■ DATA RECORDS:
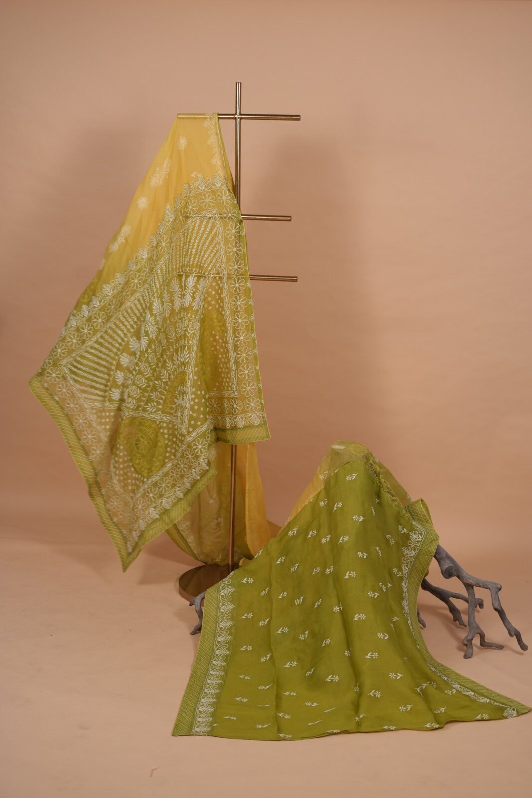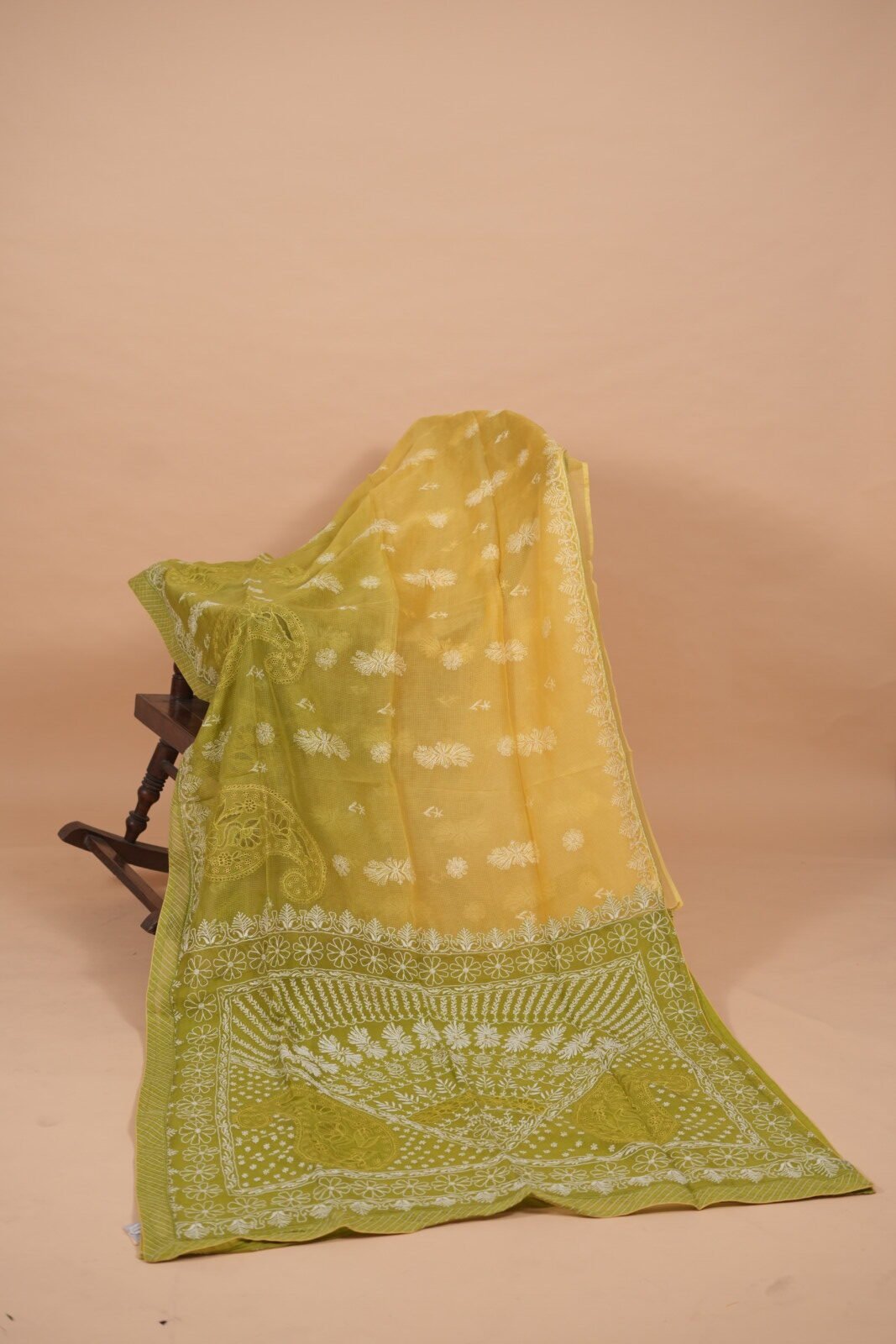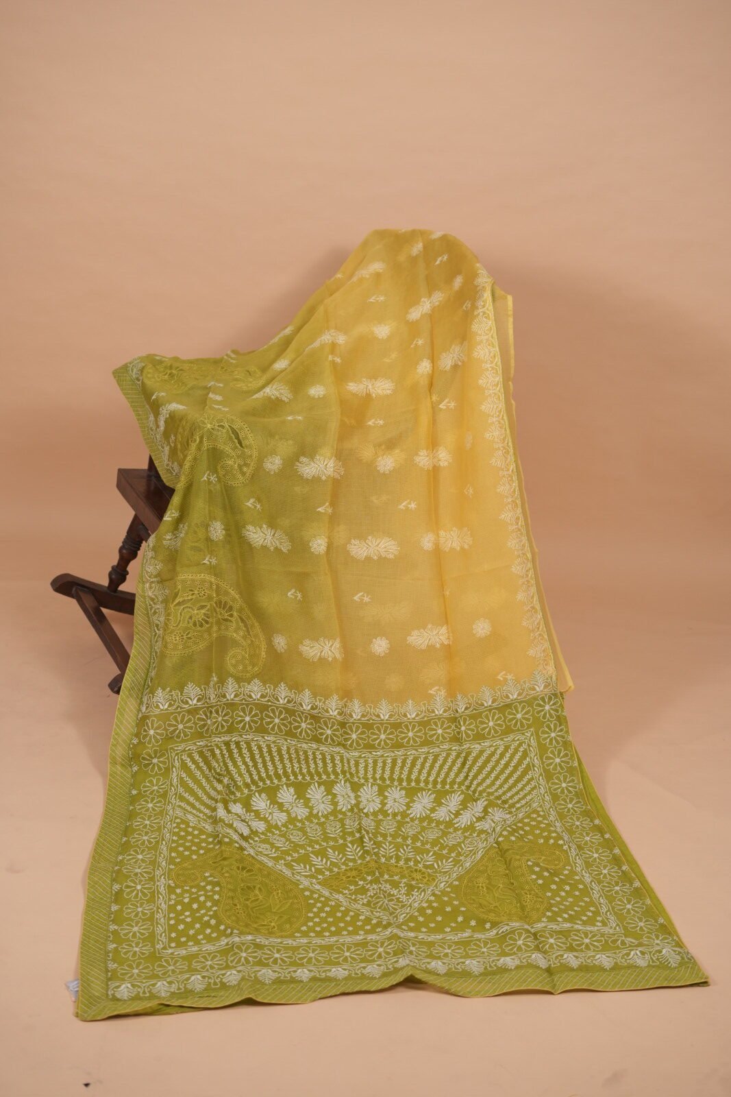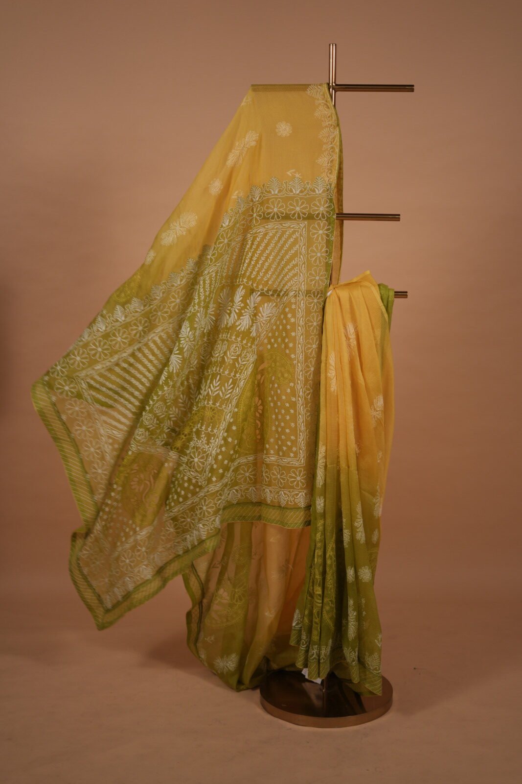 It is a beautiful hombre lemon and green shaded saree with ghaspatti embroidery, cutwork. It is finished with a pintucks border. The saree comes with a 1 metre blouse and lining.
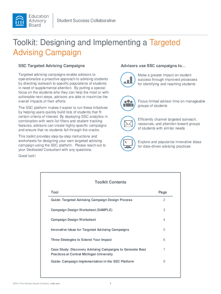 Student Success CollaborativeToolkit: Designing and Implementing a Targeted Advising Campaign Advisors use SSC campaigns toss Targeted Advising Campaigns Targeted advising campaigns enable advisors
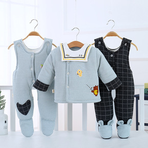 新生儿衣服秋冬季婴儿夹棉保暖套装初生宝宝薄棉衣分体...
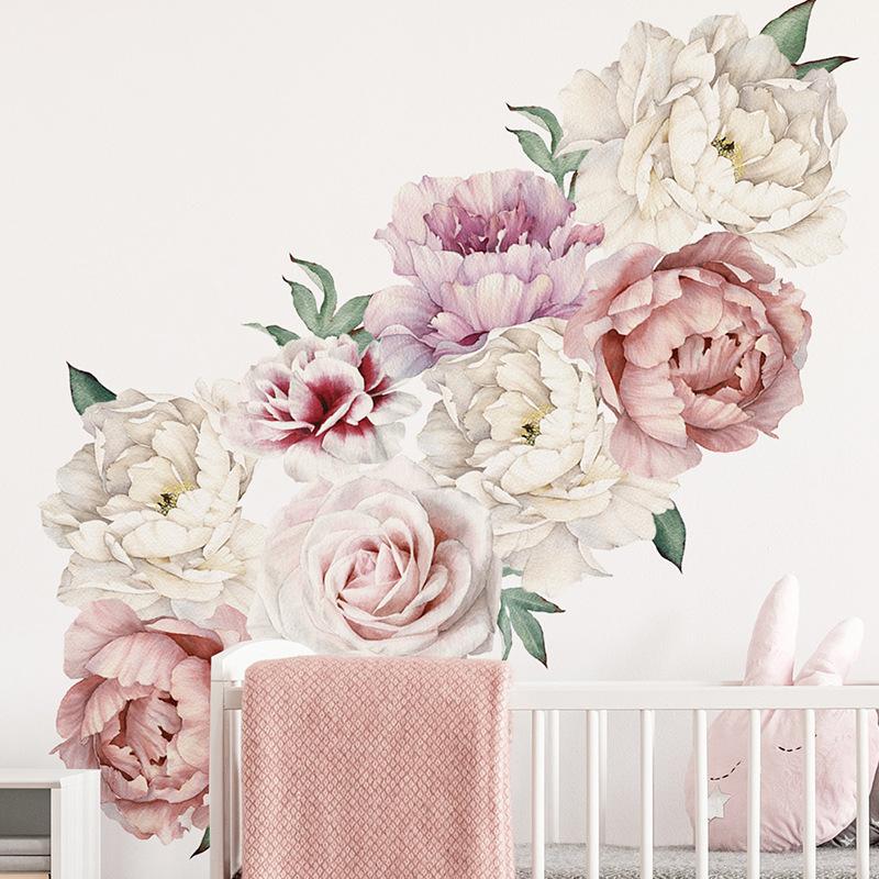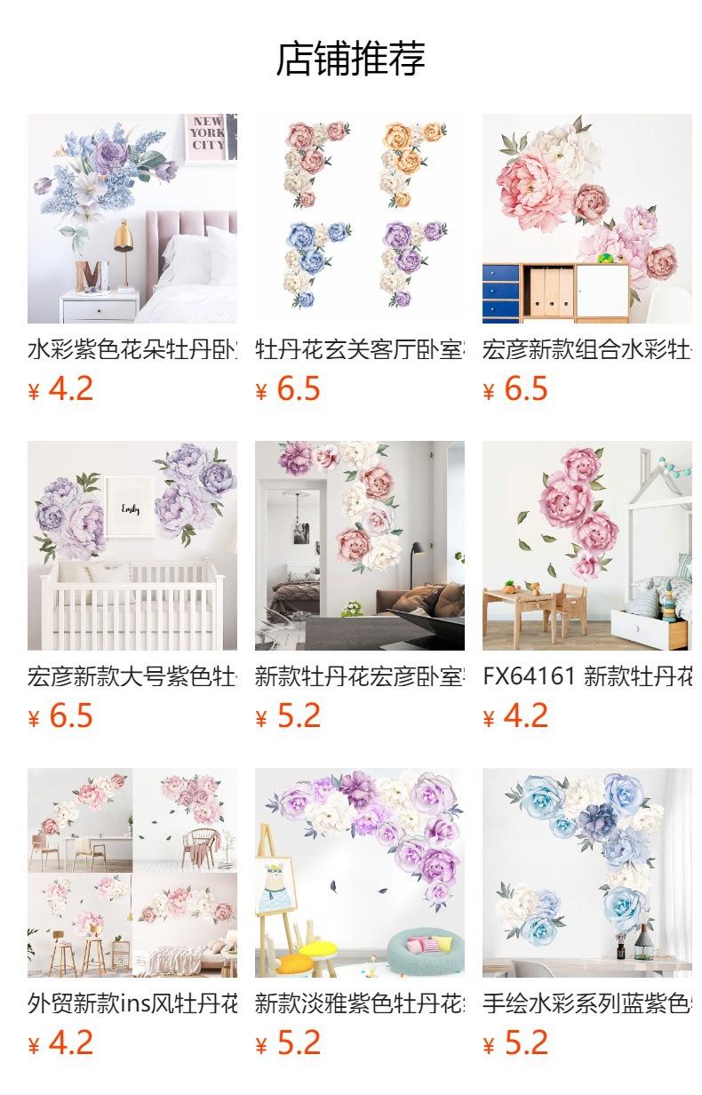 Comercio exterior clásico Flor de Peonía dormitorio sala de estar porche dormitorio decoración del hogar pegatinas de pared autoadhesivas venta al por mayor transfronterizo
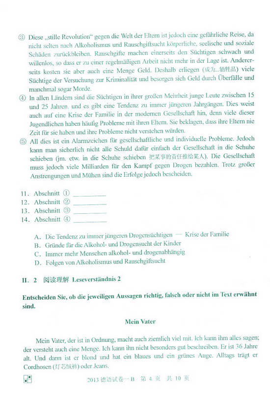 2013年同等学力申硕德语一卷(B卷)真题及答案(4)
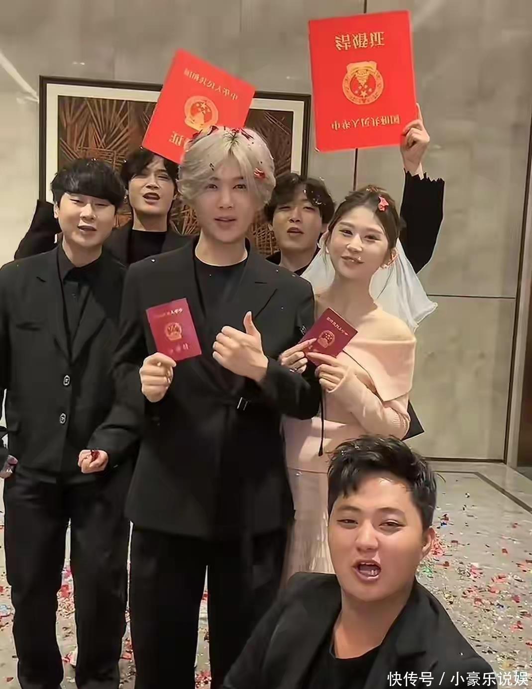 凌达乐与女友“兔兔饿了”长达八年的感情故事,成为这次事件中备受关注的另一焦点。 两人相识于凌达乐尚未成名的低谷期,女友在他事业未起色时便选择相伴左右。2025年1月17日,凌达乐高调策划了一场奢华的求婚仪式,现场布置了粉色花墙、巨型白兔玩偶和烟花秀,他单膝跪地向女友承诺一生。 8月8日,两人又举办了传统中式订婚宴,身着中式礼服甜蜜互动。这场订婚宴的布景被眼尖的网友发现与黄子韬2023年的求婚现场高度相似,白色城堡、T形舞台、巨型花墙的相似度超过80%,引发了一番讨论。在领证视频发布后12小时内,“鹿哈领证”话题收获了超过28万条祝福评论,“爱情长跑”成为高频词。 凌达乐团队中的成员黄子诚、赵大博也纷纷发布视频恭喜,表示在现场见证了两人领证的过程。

■ WHAT THE TASK REQUIRES:
Look above for the line holding "新生儿衣服秋冬季婴儿夹棉保暖套装初生宝宝薄棉衣分体..." and output everything from it down to the line holding "2013年同等学力申硕德语一卷(B卷)真题及答案(4)", both ends included, exactly and without images.

■ SOLVED PROBLEM:
 新生儿衣服秋冬季婴儿夹棉保暖套装初生宝宝薄棉衣分体...
 Comercio exterior clásico Flor de Peonía dormitorio sala de estar porche dormitorio decoración del hogar pegatinas de pared autoadhesivas venta al por mayor transfronterizo
 2013年同等学力申硕德语一卷(B卷)真题及答案(4)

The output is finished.